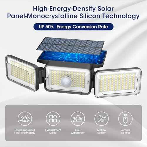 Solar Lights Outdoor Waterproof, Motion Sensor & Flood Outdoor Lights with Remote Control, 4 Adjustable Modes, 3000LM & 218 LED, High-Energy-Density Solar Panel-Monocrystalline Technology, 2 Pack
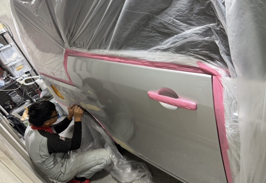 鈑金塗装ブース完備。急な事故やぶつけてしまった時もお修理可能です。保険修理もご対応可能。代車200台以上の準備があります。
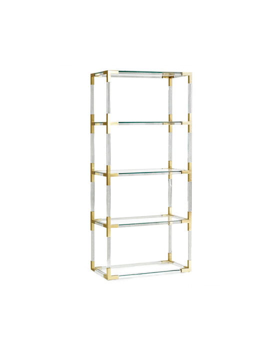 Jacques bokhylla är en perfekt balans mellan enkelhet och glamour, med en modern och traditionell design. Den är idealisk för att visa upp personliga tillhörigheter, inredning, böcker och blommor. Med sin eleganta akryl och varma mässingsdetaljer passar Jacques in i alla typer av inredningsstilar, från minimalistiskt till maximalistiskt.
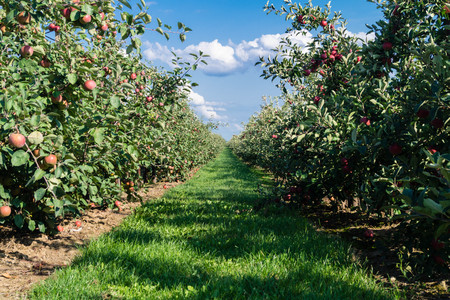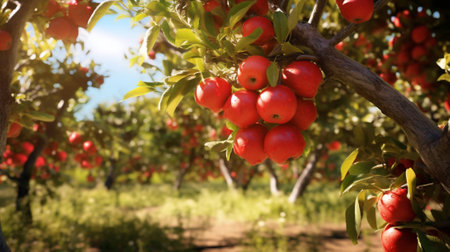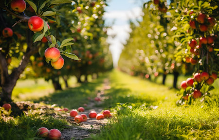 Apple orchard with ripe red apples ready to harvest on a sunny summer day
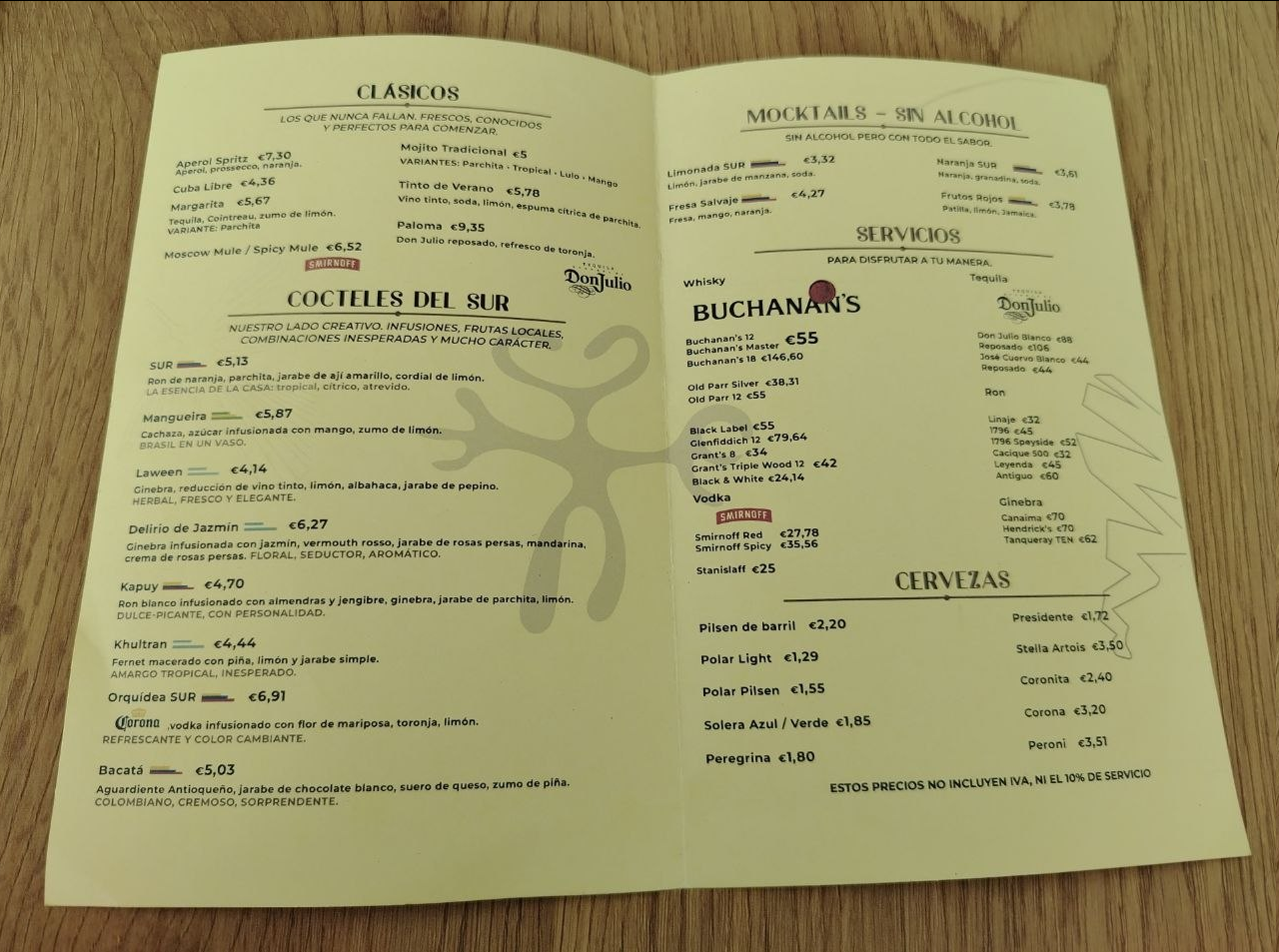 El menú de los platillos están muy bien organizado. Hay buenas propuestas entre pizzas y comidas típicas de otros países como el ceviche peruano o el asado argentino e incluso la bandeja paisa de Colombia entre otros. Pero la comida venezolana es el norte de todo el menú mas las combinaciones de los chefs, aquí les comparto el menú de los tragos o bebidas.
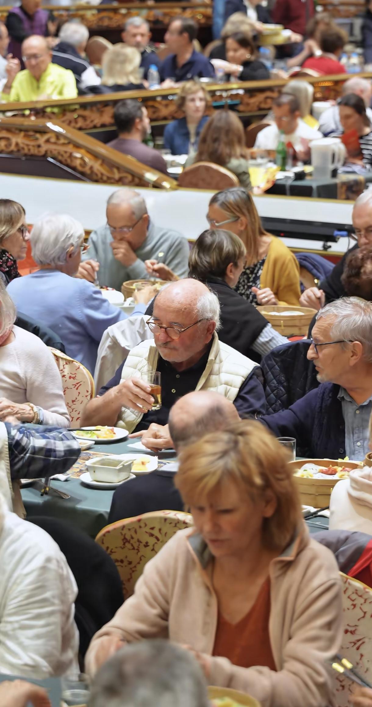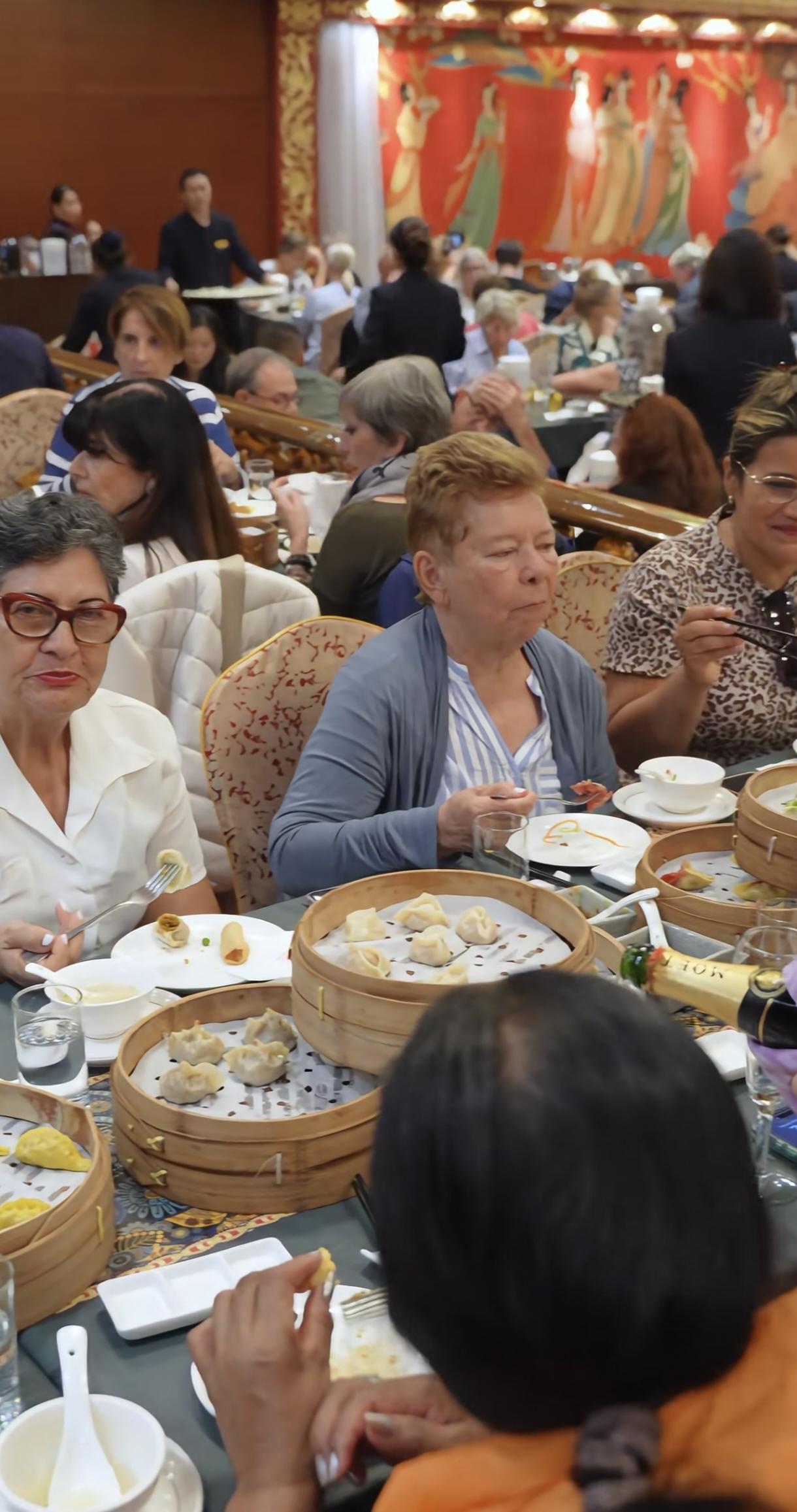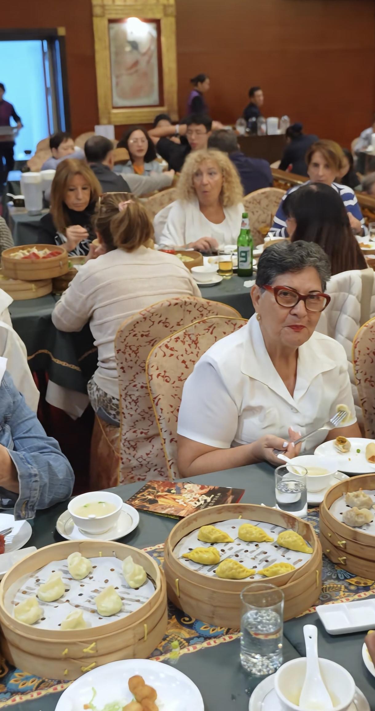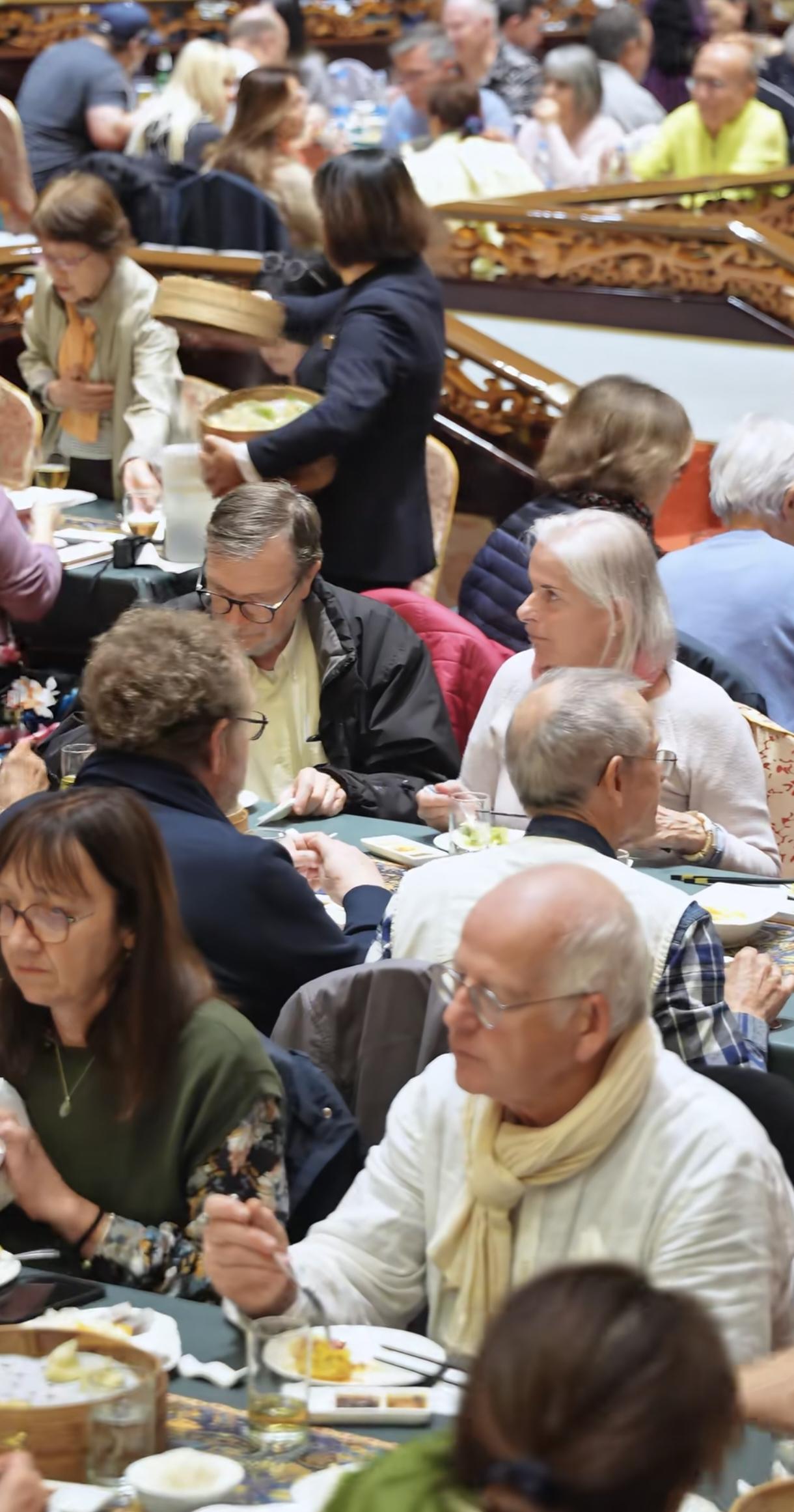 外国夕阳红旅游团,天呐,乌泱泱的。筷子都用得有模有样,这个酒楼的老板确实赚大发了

◇ ◇ ◇

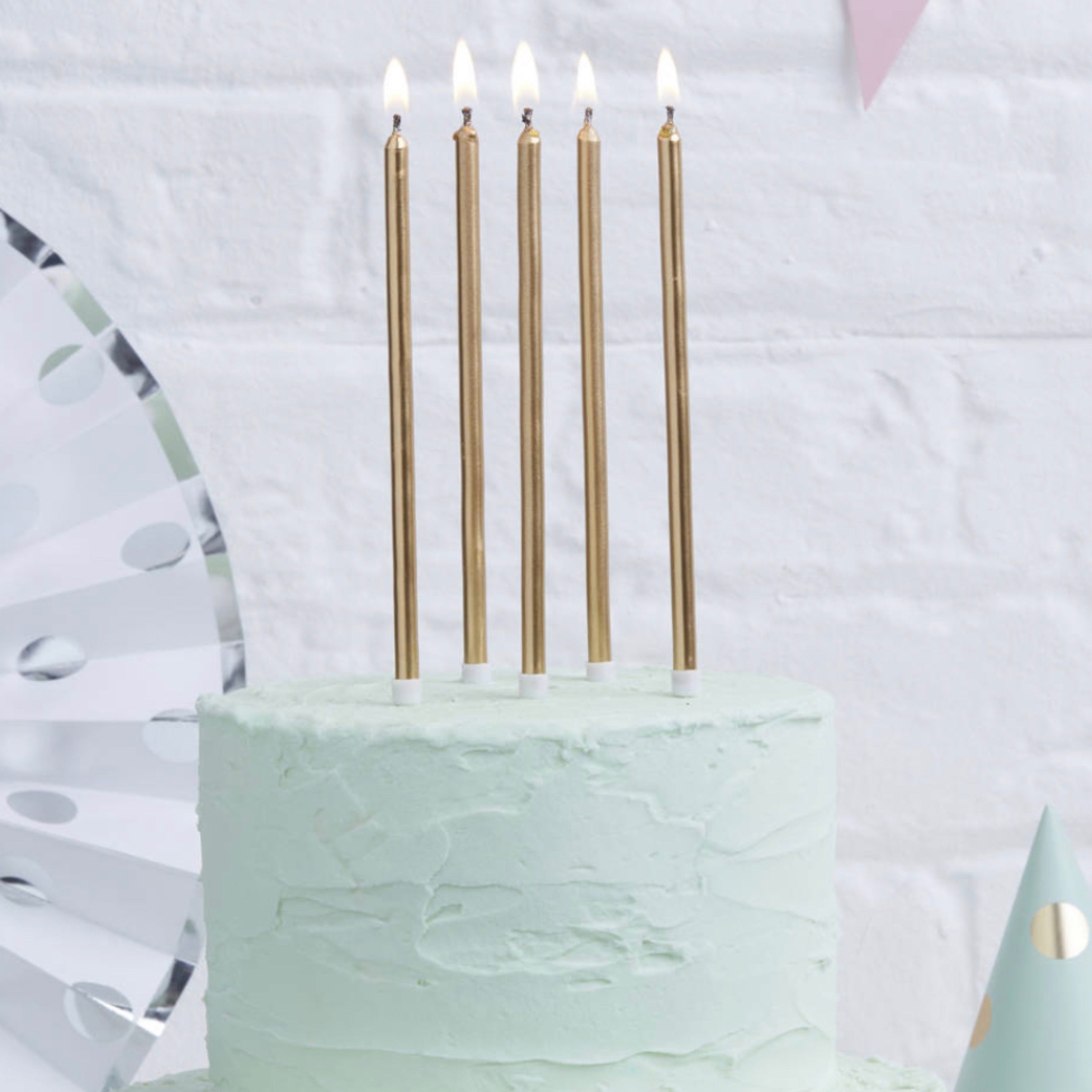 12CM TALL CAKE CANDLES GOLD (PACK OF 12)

◇ ◇ ◇

**What you need to do**
The lines to set down run from the line with "Solar Lights Outdoor" up to and including the line with "Apple orchard with" in the entries above. Reproduce them exactly, with no pictures.

**Response to the exercise**
 Solar Lights Outdoor Waterproof, Motion Sensor & Flood Outdoor Lights with Remote Control, 4 Adjustable Modes, 3000LM & 218 LED, High-Energy-Density Solar Panel-Monocrystalline Technology, 2 Pack
 鈑金塗装ブース完備。急な事故やぶつけてしまった時もお修理可能です。保険修理もご対応可能。代車200台以上の準備があります。
 Jacques bokhylla är en perfekt balans mellan enkelhet och glamour, med en modern och traditionell design. Den är idealisk för att visa upp personliga tillhörigheter, inredning, böcker och blommor. Med sin eleganta akryl och varma mässingsdetaljer passar Jacques in i alla typer av inredningsstilar, från minimalistiskt till maximalistiskt.
 Apple orchard with ripe red apples ready to harvest on a sunny summer day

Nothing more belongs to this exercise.